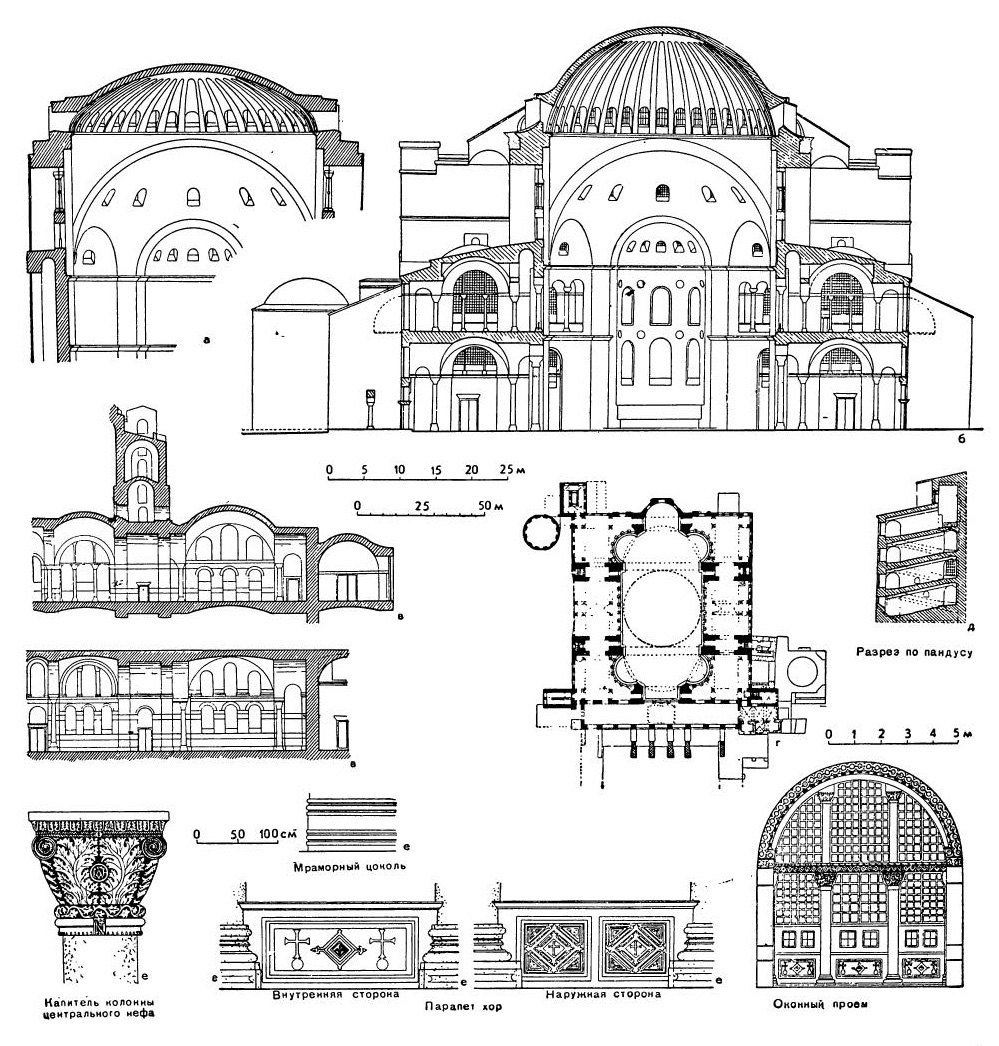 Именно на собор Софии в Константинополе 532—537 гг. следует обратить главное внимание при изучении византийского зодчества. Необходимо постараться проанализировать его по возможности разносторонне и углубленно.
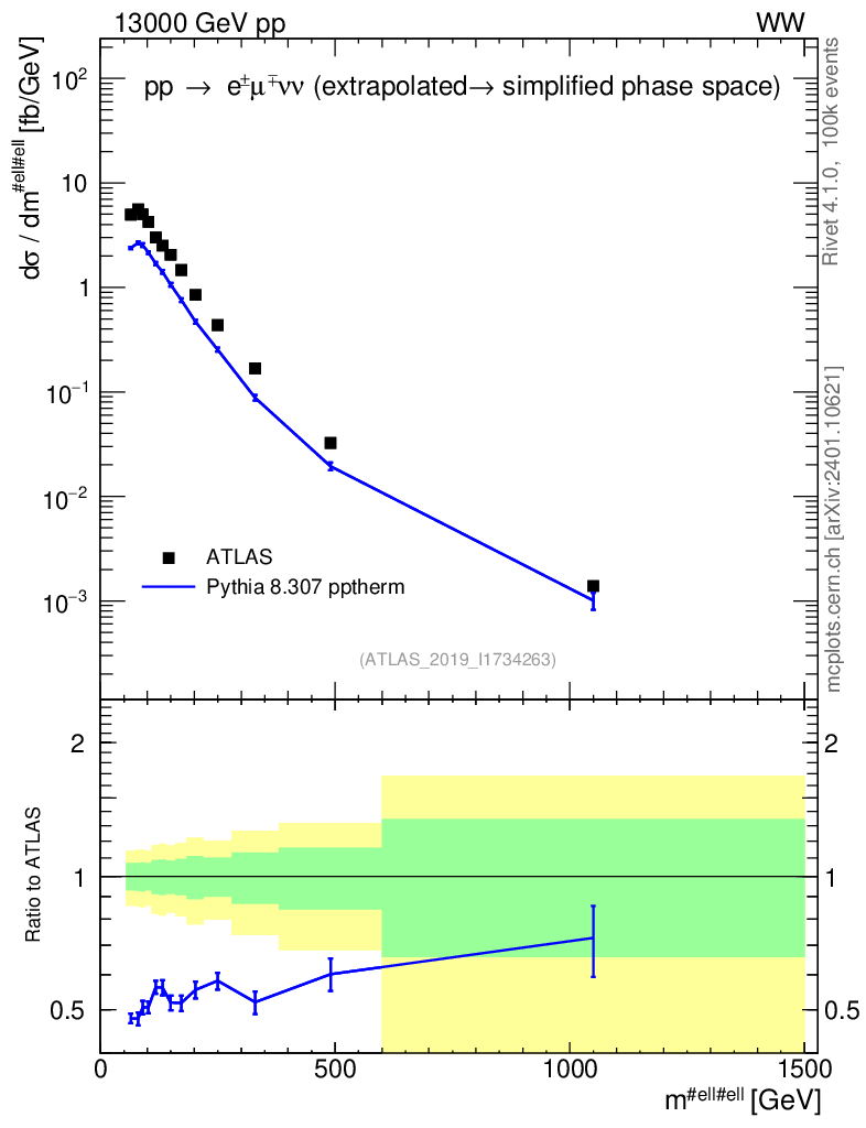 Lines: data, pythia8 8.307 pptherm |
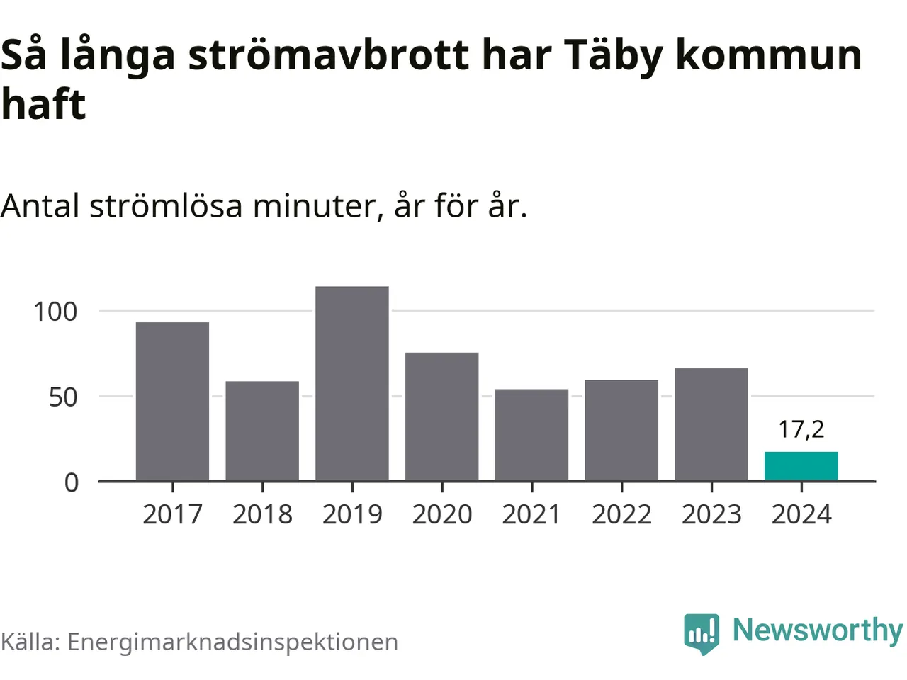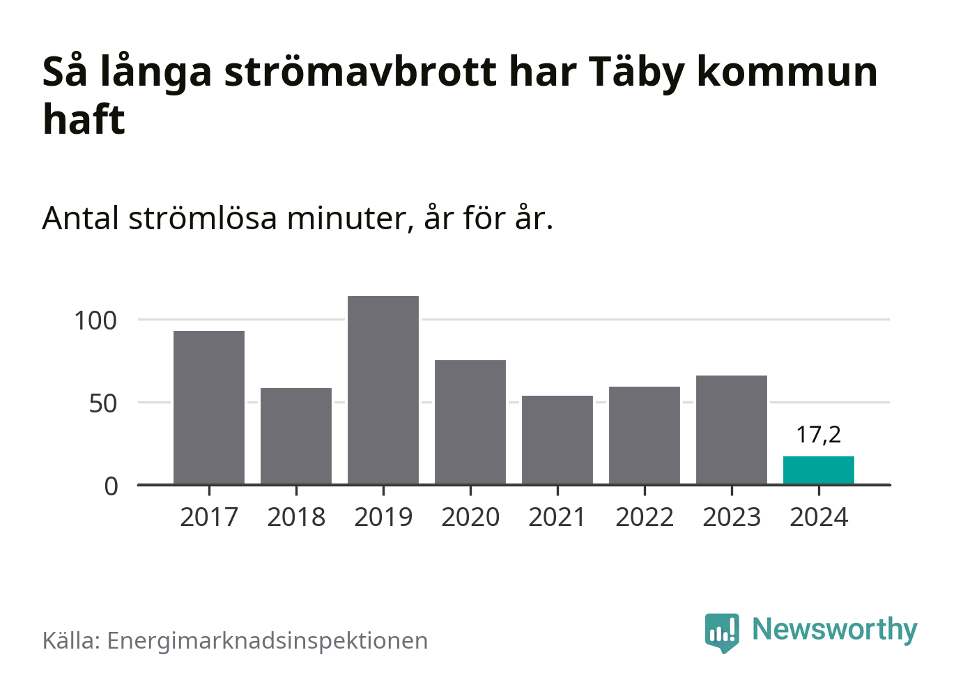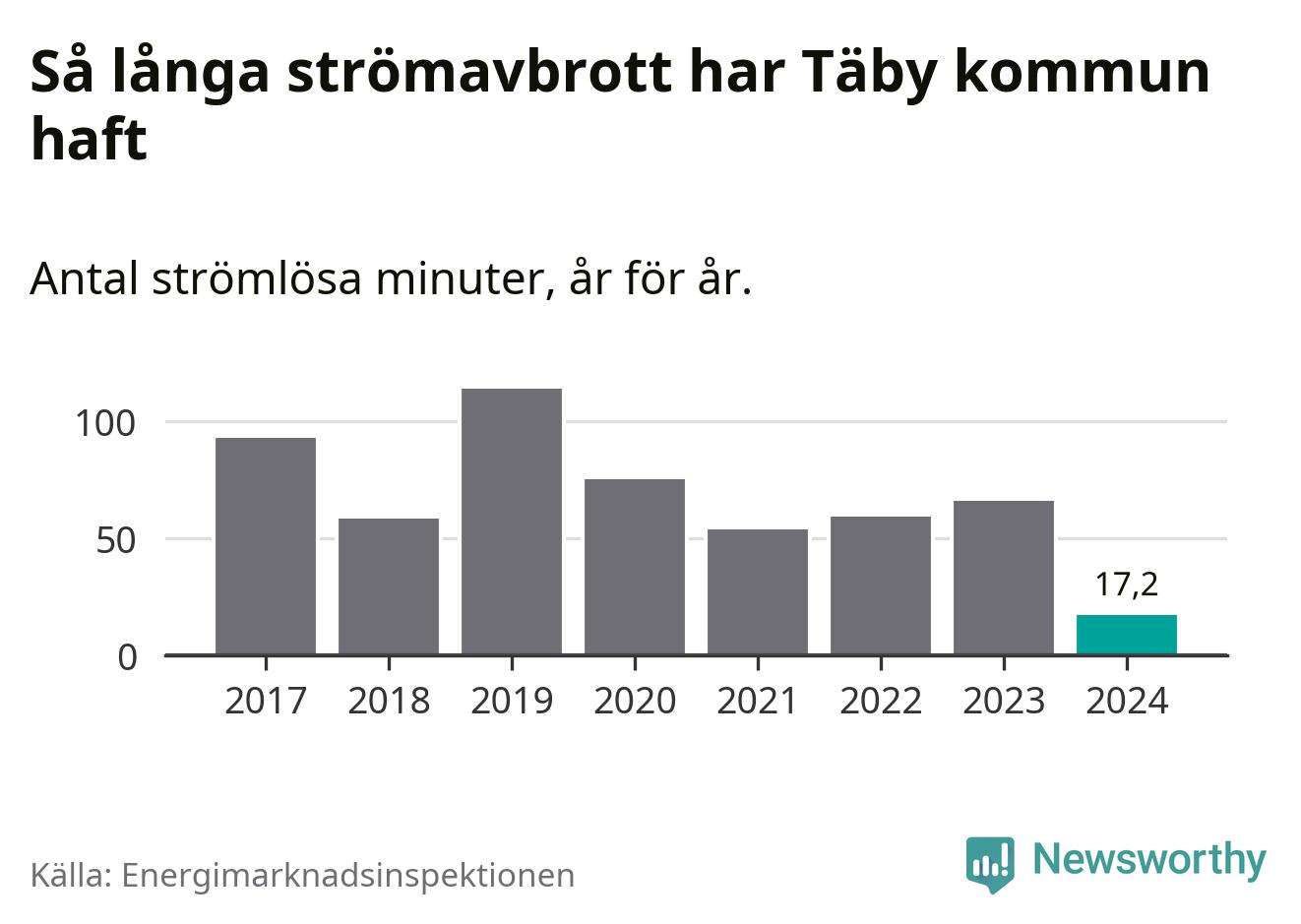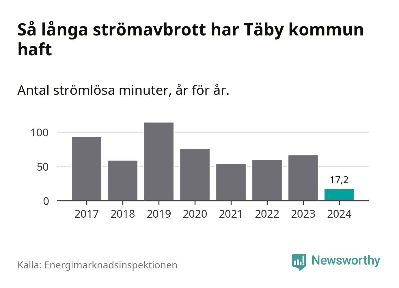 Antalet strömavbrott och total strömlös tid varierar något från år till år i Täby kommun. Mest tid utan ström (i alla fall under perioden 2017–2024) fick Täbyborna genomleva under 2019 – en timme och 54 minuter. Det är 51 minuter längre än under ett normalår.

**The problem**
Your answer should reproduce every line of the data verbatim and include no images.

**Solved problem**
 Именно на собор Софии в Константинополе 532—537 гг. следует обратить главное внимание при изучении византийского зодчества. Необходимо постараться проанализировать его по возможности разносторонне и углубленно.
 Lines: data, pythia8 8.307 pptherm |
 Antalet strömavbrott och total strömlös tid varierar något från år till år i Täby kommun. Mest tid utan ström (i alla fall under perioden 2017–2024) fick Täbyborna genomleva under 2019 – en timme och 54 minuter. Det är 51 minuter längre än under ett normalår.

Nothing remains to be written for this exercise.